CRC’s generally require the Universities to make “in-kind” contributions in the way of research staff or equipment to the CRC. The ATO has indicated that in kind contributions will generally be viewed as a barter arrangement for OST purposes as there are two supplies.

An “in-kind” contribution made by RMIT University can be viewed as a two-way transaction:

a. RMIT is “purchasing” a share in the CRC, or more specifically the research results or intellectual property that the CRC may produce; and

b. The CRC is ‘“purchasing” the “in-kind” from RMIT, being, facilities or research services.

RMIT is a participant in several CRCs in respect of research activities. Technically, tax invoices are required to enable GST to be issued in respect of each of the two-way transactions to calculate the GST correctly. RMIT can enter into RCTI agreements to make this process easier.

2. How are in-kind transactions treated?

There is no specific GST legislation or rulings in respect of CRCs or “in-kind” transactions. However Goods and Services Tax Ruling GSTR 2012/2 - Grants of Financial Assistance, indicates that Grants “in-kind” are supplies where they are made in return for another supply (e.g. access to the right to use Research outcomes) and there will be two supplies.

Where CRCs are transacted in-kind, there will be two GST transactions. Hence, GST will be paid by both parties for the supply, and 1/11th of each supply must be remitted to the ATO. However, both RMIT and the other party will be entitled to an input tax credit, hence no real tax liability will exist in the final analysis.

3. Tax invoices and Recipient Created Tax Invoices (RCTIs)

Both RMIT and the other party will be required to issue each other with a tax invoice. To simplify the matter, where both parties are registered for GST, it is suggested that only one party issues a tax invoice, and at the same time issues a RCTI.

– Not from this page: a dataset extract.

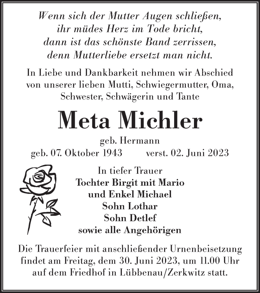 Hier finden Sie alle Traueranzeigen aus der Zeitung, die bisher für Meta Michler erschienen sind. Weitere Traueranzeigen, die in der Zeitung erscheinen, werden hier ebenfalls aufgelistet
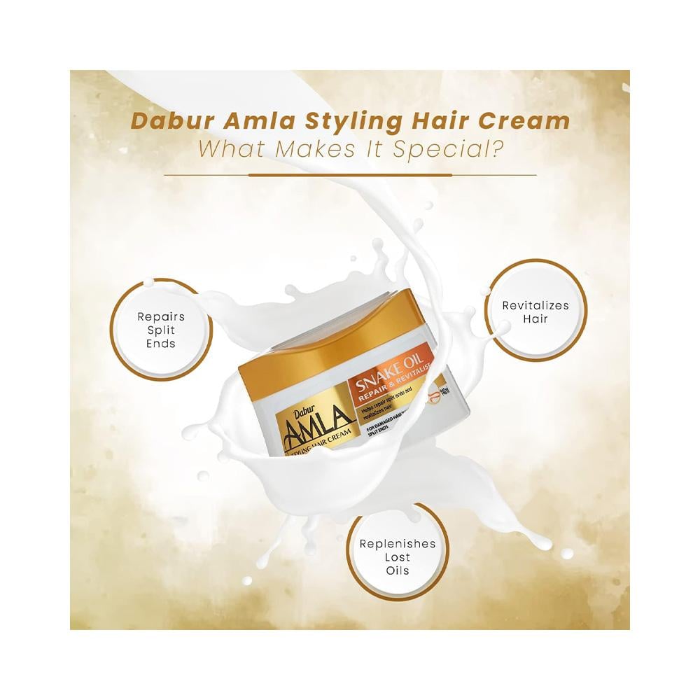 دابر أملا كريم تصفيف الشعر بزيت الحية إصلاح وتنشيط هو كريم غني بالمكونات الطبيعية التي تُغذي الشعر وتُقوّيه وتُصلحه. يحتوي الكريم على زيت الحية، زيت أملا، زيت اللوز، والبروتين، وهي مكونات تُساعد على إصلاح الأطراف المتقصفة، ترطيب الشعر، تنعيمه، وإضفاء لمعانٍ عليه.

Goods and Services Tax ruling GSTR 2013/1 - Tax invoices allows the recipient to issue a document that combines a RCTI and a tax invoice. Therefore, a single tax invoice for both supplies combined on the one document will be in the approved form. However, each entity must account for the full amount of GST payable on the supply that it makes.

To be able to provide a recipient created tax invoice, both the purchaser and supplier will be required to enter into a “Recipient Created tax Invoice Agreement”.